Isn’t this what the leaders of the early church recognized at the meeting in Jerusalem recorded in Acts 15? James quoted the passage from Amos and recognized it as a prophecy of what was then happening. The tabernacle of David had been restored, a place where all people, including the Gentiles, could freely worship God without having to approach Him by means of the Jewish form. Just as the tabernacle of Moses was empty in the time of David, the worship in the Jerusalem temple was now empty after the one time sacrifice made by Jesus, the true son of David and our eternal prophet, priest and king.

The rent veil

Jesus, when he had cried again with a loud voice, yielded up the ghost.  And, behold, the veil of the temple was rent in twain from the top to the bottom; and the earth did quake, and the rocks rent (Matthew 27:50-51).

The veil between the holy place of the temple and the holy of holies is described as forty cubits high and twenty cubits wide, equivalent to sixty feet by thirty feet.  According to the rabbinic writings it was woven of seventy-two linen threads, each of these threads being composed of twenty-four smaller threads, resulting in a veil that was the thickness of the width of a man’s hand (four inches).

It is inconceivable that the earthquake could have torn this veil and left the temple standing.  It would seem much more likely that a powerful earthquake would have reduced the temple to rubble and left the veil intact.  That leaves us with the clear implication of direct divine intervention, which is further supported by the reference to the veil being torn from top to bottom.

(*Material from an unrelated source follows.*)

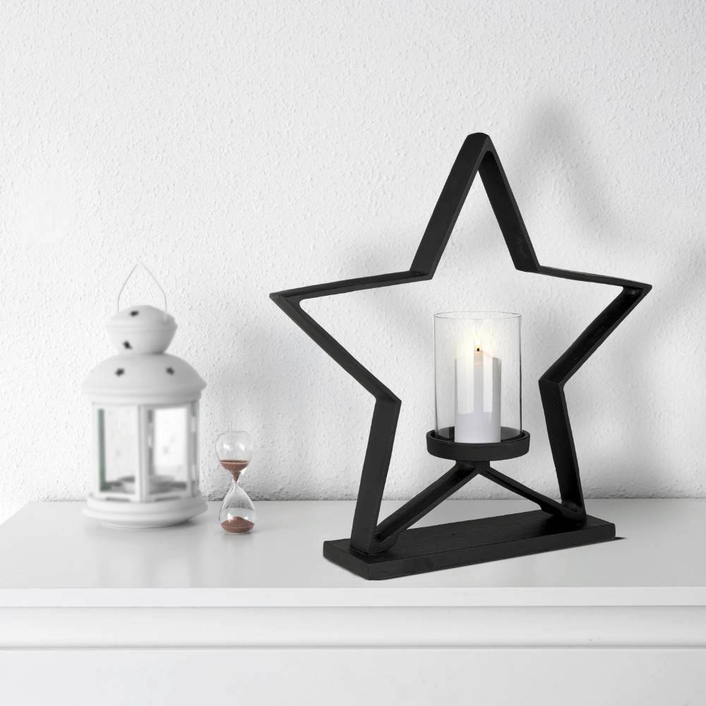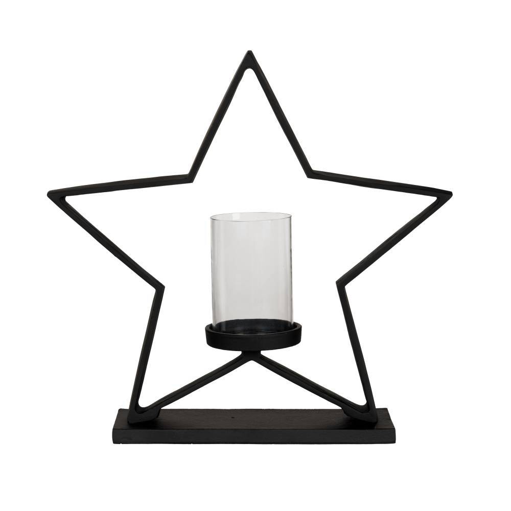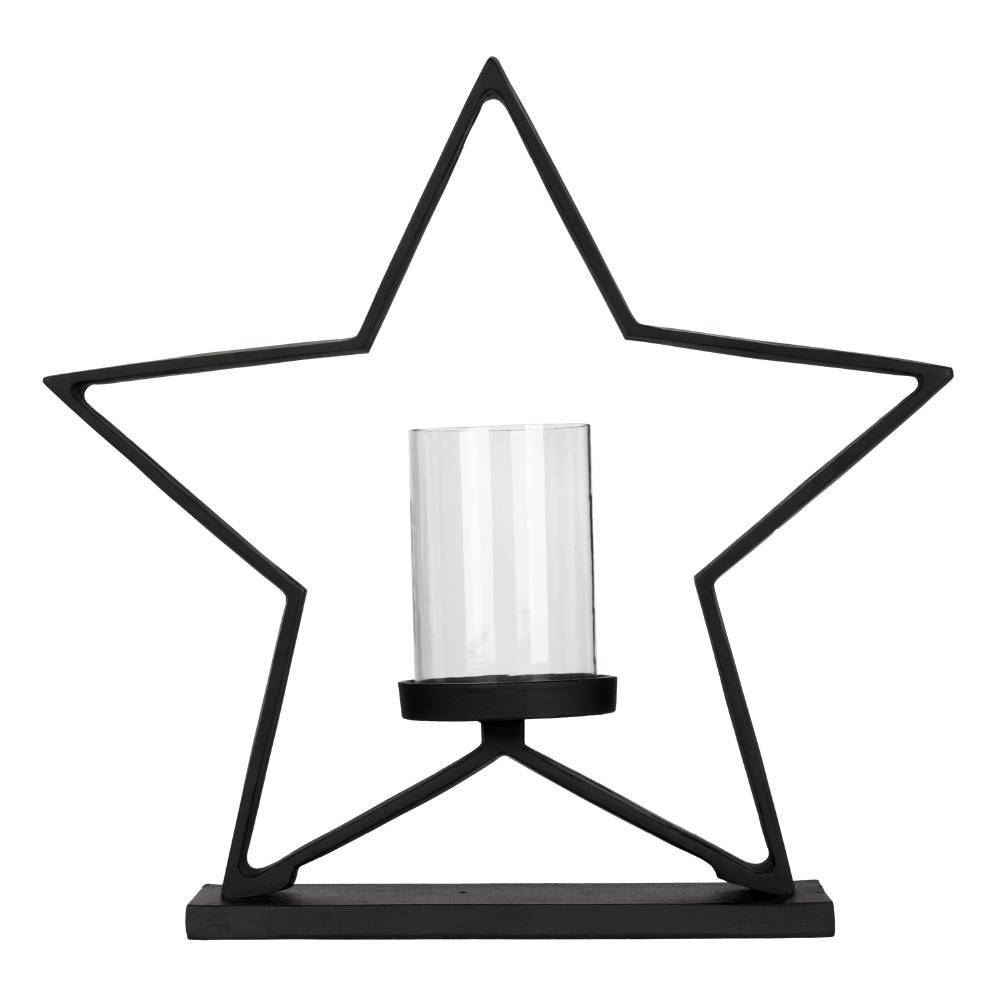 Suport lumânare MUKAYLE 470x115x460mm 422416, aluminiu, sticla, negru, transparent

The death of Jesus occurred at the time of the evening sacrifice, when a priest would have entered the holy place to burn incense and light the golden candlestick.  This priest was the only eyewitness to the dramatic rending of the veil which exposed the mercy seat to his view.  Here is the fulfilment of Daniel 9:27 — And he shall confirm the covenant with many for one week: and in the midst of the week he shall cause the sacrifice and the oblation to cease.  Although the priests continued to offer the daily sacrifices for another thirty years, those sacrifices had ceased to have any meaning, for the perfect sacrifice had been made and the heavenly mercy seat sprinkled with the blood of our Saviour and eternal High Priest.

This is good news for all mankind, for all those striving to make peace with gods and spirits by ceremonies, sacrifices, pilgrimages, meditation or rigorous obedience to arcane rules of conduct.  The veil is forever rent.  We now have direct access to the mercy seat, with no need of the blood of animals, with no need of a human priest.

And almost all things are by the law purged with blood; and without shedding of blood is no remission.  It was therefore necessary that the patterns of things in the heavens should be purified with these; but the heavenly things themselves with better sacrifices than these.  For Christ is not entered into the holy places made with hands, which are the figures of the true; but into heaven itself, now to appear in the presence of God for us: nor yet that he should offer himself often, as the high priest entereth into the holy place every year with blood of others; for then must he often have suffered since the foundation of the world: but now once in the end of the world hath he appeared to put away sin by the sacrifice of himself (Hebrews 9:22-26).

And their sins and iniquities will I remember no more.  Now where remission of these is, there is no more offering for sin.  Having therefore, brethren, boldness to enter into the holiest by the blood of Jesus, by a new and living way, which he hath consecrated for us, through the veil, that is to say, his flesh; and having an high priest over the house of God; let us draw near with a true heart in full assurance of faith, having our hearts sprinkled from an evil conscience, and our bodies washed with pure water.  Let us hold fast the profession of our faith without wavering; (for he is faithful that promised;) (Hebrews 10:17-23).